Work order: Reproduce the data in its entirety, exactly as supplied.

Data for this task:
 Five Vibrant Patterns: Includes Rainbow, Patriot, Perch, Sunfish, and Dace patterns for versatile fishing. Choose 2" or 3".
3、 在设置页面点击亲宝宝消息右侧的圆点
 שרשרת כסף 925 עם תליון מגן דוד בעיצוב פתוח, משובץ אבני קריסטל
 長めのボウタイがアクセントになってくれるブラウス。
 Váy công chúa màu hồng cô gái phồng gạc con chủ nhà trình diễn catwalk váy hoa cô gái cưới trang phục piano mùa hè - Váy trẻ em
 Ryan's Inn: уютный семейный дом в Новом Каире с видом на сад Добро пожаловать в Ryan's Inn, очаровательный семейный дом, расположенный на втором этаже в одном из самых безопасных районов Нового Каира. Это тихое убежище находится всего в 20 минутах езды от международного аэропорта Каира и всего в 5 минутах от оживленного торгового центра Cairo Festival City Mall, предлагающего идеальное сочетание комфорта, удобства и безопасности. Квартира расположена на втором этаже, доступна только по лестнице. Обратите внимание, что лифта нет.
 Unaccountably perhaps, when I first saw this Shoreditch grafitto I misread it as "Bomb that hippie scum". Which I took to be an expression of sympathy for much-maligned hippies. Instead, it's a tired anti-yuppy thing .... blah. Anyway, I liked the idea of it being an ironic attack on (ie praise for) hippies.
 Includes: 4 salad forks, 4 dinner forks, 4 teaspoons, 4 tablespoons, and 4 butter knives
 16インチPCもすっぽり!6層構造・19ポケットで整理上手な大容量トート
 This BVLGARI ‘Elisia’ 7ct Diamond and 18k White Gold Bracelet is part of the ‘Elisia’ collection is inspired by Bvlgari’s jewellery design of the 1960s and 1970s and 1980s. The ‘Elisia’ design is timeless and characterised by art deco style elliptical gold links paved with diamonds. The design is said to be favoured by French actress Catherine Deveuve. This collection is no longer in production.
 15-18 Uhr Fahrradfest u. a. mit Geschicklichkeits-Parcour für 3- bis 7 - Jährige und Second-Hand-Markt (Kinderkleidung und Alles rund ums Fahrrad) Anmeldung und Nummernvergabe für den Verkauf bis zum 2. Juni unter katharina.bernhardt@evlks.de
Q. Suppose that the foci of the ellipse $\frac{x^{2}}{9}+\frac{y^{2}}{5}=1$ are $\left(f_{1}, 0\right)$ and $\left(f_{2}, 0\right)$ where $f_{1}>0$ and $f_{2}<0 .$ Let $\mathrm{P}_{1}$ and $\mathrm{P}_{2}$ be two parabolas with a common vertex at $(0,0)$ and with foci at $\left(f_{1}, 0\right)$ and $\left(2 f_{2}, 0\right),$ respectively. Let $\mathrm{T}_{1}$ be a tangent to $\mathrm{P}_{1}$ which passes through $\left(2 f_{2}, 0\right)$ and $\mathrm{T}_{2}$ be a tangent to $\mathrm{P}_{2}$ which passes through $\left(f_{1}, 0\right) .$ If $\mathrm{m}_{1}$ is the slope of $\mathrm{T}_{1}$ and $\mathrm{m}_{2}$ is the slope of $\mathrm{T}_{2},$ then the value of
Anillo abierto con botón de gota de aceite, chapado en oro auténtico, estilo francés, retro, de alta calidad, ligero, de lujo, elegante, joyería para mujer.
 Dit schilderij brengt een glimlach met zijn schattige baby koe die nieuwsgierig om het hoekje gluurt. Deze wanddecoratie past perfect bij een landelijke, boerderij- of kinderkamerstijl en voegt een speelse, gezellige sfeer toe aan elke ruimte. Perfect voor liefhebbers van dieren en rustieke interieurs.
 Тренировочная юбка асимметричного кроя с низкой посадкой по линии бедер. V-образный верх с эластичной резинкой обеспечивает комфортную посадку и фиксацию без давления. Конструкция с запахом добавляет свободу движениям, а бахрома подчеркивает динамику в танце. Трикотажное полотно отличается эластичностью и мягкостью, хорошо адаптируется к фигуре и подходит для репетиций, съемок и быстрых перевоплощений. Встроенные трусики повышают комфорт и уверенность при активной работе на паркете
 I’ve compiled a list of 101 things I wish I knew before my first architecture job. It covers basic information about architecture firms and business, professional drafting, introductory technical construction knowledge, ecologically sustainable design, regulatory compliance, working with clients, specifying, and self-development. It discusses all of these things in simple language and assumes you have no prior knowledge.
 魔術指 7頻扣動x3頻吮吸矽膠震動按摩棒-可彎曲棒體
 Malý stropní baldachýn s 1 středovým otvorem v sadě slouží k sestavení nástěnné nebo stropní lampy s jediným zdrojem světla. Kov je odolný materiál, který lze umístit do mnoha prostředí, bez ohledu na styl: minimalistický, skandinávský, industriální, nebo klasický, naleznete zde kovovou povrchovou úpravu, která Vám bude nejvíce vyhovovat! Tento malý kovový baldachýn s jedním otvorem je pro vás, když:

Exercise response:
 Five Vibrant Patterns: Includes Rainbow, Patriot, Perch, Sunfish, and Dace patterns for versatile fishing. Choose 2" or 3".
3、 在设置页面点击亲宝宝消息右侧的圆点
 שרשרת כסף 925 עם תליון מגן דוד בעיצוב פתוח, משובץ אבני קריסטל
 長めのボウタイがアクセントになってくれるブラウス。
 Váy công chúa màu hồng cô gái phồng gạc con chủ nhà trình diễn catwalk váy hoa cô gái cưới trang phục piano mùa hè - Váy trẻ em
 Ryan's Inn: уютный семейный дом в Новом Каире с видом на сад Добро пожаловать в Ryan's Inn, очаровательный семейный дом, расположенный на втором этаже в одном из самых безопасных районов Нового Каира. Это тихое убежище находится всего в 20 минутах езды от международного аэропорта Каира и всего в 5 минутах от оживленного торгового центра Cairo Festival City Mall, предлагающего идеальное сочетание комфорта, удобства и безопасности. Квартира расположена на втором этаже, доступна только по лестнице. Обратите внимание, что лифта нет.
 Unaccountably perhaps, when I first saw this Shoreditch grafitto I misread it as "Bomb that hippie scum". Which I took to be an expression of sympathy for much-maligned hippies. Instead, it's a tired anti-yuppy thing .... blah. Anyway, I liked the idea of it being an ironic attack on (ie praise for) hippies.
 Includes: 4 salad forks, 4 dinner forks, 4 teaspoons, 4 tablespoons, and 4 butter knives
 16インチPCもすっぽり!6層構造・19ポケットで整理上手な大容量トート
 This BVLGARI ‘Elisia’ 7ct Diamond and 18k White Gold Bracelet is part of the ‘Elisia’ collection is inspired by Bvlgari’s jewellery design of the 1960s and 1970s and 1980s. The ‘Elisia’ design is timeless and characterised by art deco style elliptical gold links paved with diamonds. The design is said to be favoured by French actress Catherine Deveuve. This collection is no longer in production.
 15-18 Uhr Fahrradfest u. a. mit Geschicklichkeits-Parcour für 3- bis 7 - Jährige und Second-Hand-Markt (Kinderkleidung und Alles rund ums Fahrrad) Anmeldung und Nummernvergabe für den Verkauf bis zum 2. Juni unter katharina.bernhardt@evlks.de
Q. Suppose that the foci of the ellipse $\frac{x^{2}}{9}+\frac{y^{2}}{5}=1$ are $\left(f_{1}, 0\right)$ and $\left(f_{2}, 0\right)$ where $f_{1}>0$ and $f_{2}<0 .$ Let $\mathrm{P}_{1}$ and $\mathrm{P}_{2}$ be two parabolas with a common vertex at $(0,0)$ and with foci at $\left(f_{1}, 0\right)$ and $\left(2 f_{2}, 0\right),$ respectively. Let $\mathrm{T}_{1}$ be a tangent to $\mathrm{P}_{1}$ which passes through $\left(2 f_{2}, 0\right)$ and $\mathrm{T}_{2}$ be a tangent to $\mathrm{P}_{2}$ which passes through $\left(f_{1}, 0\right) .$ If $\mathrm{m}_{1}$ is the slope of $\mathrm{T}_{1}$ and $\mathrm{m}_{2}$ is the slope of $\mathrm{T}_{2},$ then the value of
Anillo abierto con botón de gota de aceite, chapado en oro auténtico, estilo francés, retro, de alta calidad, ligero, de lujo, elegante, joyería para mujer.
 Dit schilderij brengt een glimlach met zijn schattige baby koe die nieuwsgierig om het hoekje gluurt. Deze wanddecoratie past perfect bij een landelijke, boerderij- of kinderkamerstijl en voegt een speelse, gezellige sfeer toe aan elke ruimte. Perfect voor liefhebbers van dieren en rustieke interieurs.
 Тренировочная юбка асимметричного кроя с низкой посадкой по линии бедер. V-образный верх с эластичной резинкой обеспечивает комфортную посадку и фиксацию без давления. Конструкция с запахом добавляет свободу движениям, а бахрома подчеркивает динамику в танце. Трикотажное полотно отличается эластичностью и мягкостью, хорошо адаптируется к фигуре и подходит для репетиций, съемок и быстрых перевоплощений. Встроенные трусики повышают комфорт и уверенность при активной работе на паркете
 I’ve compiled a list of 101 things I wish I knew before my first architecture job. It covers basic information about architecture firms and business, professional drafting, introductory technical construction knowledge, ecologically sustainable design, regulatory compliance, working with clients, specifying, and self-development. It discusses all of these things in simple language and assumes you have no prior knowledge.
 魔術指 7頻扣動x3頻吮吸矽膠震動按摩棒-可彎曲棒體
 Malý stropní baldachýn s 1 středovým otvorem v sadě slouží k sestavení nástěnné nebo stropní lampy s jediným zdrojem světla. Kov je odolný materiál, který lze umístit do mnoha prostředí, bez ohledu na styl: minimalistický, skandinávský, industriální, nebo klasický, naleznete zde kovovou povrchovou úpravu, která Vám bude nejvíce vyhovovat! Tento malý kovový baldachýn s jedním otvorem je pro vás, když:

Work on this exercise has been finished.